Di quell’episodio parlarono i media nazionali e non solo, ma in realtà il danno non è stato così grave come era apparso. Come rivela infatti il presidente di Fondazione Canova Vittorio Sgarbi, quelle rimaste spezzate sotto il peso del turista non erano le dita originali del gesso canoviano, ma parti di una “protesi” applicata al gesso di Paolina Borghese, danneggiato dal bombardamento su Possagno del Natale 1917, nel restauro del 2004. “Quello dell’austriaco è stato un effetto pubblicitario - commenta Sgarbi -. Un danno inesistente ma una pubblicità somma.”
Intanto nella piccola Possagno, grazie alle entrature del presidente-critico d’arte-parlamentare-volto noto televisivo eccetera, sta per arrivare un altro gigante della storia dell’arte: Michelangelo Caravaggio. Accadrà da aprile a settembre, periodo programmato per una mostra che metterà in dialogo due opere dedicate allo stesso soggetto: il gesso della Maddalena Penitente di Canova e il dipinto della Maddalena Penitente del Caravaggio, che giungerà appositamente dalla Galleria Doria Pamphilj di Roma. Una piccola mostra-evento che sicuramente, con un nome del genere e sempre al netto delle incertezze dell’era del Covid, sbancherà il botteghino.
Sarà l’appuntamento-clou di Possagno per il 2021, prima della mostra “Canova e il contemporaneo” in programma al Museo Gypsoteca negli ultimi mesi dell’anno.
En Attendant Bassano
Eppure, a dieci mesi dall’inizio del 2022, pende ancora un importante interrogativo.
E il punto di domanda riguarda il grande evento che dovrà caratterizzare l’anno del Bicentenario Canoviano. Si pensa ad esempio ad uno scambio di gessi e marmi di Canova con qualche importante museo del mondo come l’Ermitage.
Ma lo stesso Sgarbi riconosce che per eventi di questo livello l’organizzazione dovrebbe essere già in piedi e già da tempo. Il vero problema, come rimarca il presidente, è che per vari motivi collegati al Covid il Comitato nazionale per le celebrazioni di Antonio Canova 2022 non sarà istituto prima di settembre-ottobre.
Il che significa che prima di allora non saranno stanziati i soldi dello Stato per finanziare gli eventi celebrativi. “Lo Stato - osserva il professore - potrebbe stanziare 7-800mila euro di budget, insufficienti per fare una grande mostra.”

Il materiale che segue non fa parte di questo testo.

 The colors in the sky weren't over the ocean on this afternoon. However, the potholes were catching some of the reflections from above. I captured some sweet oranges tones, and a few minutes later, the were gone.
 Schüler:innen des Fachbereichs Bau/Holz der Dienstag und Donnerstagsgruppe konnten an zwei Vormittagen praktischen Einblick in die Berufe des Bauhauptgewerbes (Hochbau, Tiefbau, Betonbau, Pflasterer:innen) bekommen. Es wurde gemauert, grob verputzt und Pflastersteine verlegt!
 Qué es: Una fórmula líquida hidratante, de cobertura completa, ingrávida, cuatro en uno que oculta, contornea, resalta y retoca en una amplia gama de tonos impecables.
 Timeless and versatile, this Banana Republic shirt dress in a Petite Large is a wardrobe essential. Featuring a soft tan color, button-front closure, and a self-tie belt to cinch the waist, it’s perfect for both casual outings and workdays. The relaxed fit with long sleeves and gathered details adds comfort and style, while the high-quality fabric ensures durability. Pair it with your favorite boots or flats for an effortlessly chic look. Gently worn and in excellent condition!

Si aggiunge a tutto ciò un secondo e non meno rilevante interrogativo, che è quello che ci riguarda più da vicino.
“Nel prossimo incontro col Comitato di studio - prosegue infatti Sgarbi - dovremo sapere se il Bicentenario sarà in dialogo con Bassano. Bassano non ha chiarito se hanno intendimenti di iniziative autonome, che sarebbero bizzarre rispetto agli accordi fatti.”

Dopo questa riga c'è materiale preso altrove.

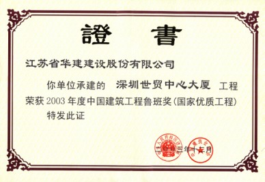 招商银行大厦工程1998年6月18日开工,2001年9月29日竣工,观感得分91.9分,评定为“优良工程”;先后荣获深圳市优质样板工程“金牛奖”、江苏省优“扬子杯”、广东省优良样板工程,2003年荣获“中国建筑工程鲁班奖”。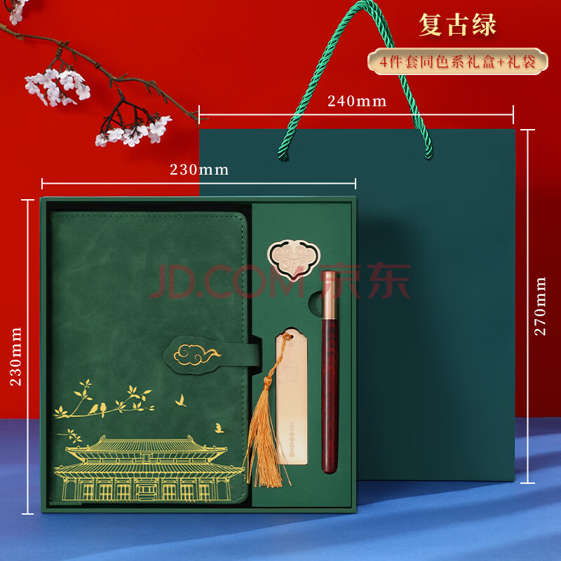 商品相册:嘉然恒 国潮笔记本本子套装故宫高颜值书签款精美记事本高端商务送男女老师伴手礼品实用定制 墨绿色第

“Dobbiamo capire - incalza il presidente - se le celebrazioni saranno fatte da Bassano e Possagno insieme oppure separate. Entro un mese stabiliremo come rapportarci con Bassano, per il 2022 dobbiamo giocare bene sul dialogo con Bassano con mostre interinali.” En Attendant Bassano del Grappa, dunque: ma bisogna fare presto perché per queste cose l’anno prossimo è già alle porte.

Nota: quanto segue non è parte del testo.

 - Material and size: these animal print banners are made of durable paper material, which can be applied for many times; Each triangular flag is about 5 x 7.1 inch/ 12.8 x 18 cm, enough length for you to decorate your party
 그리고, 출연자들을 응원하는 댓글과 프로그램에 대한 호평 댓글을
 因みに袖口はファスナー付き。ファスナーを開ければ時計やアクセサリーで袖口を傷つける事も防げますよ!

Nel frattempo Possagno e il suo Museo si godono l’emozione del dipinto nascosto sotto l’Autoritratto di Canova, scovato dall’indagine radiografica. “Questo momento - afferma Vittorio Sgarbi - è un segnale importante di attività e di ripresa che ci permette di parlare della vita di una grande istituzione in una stagione tristemente morta.”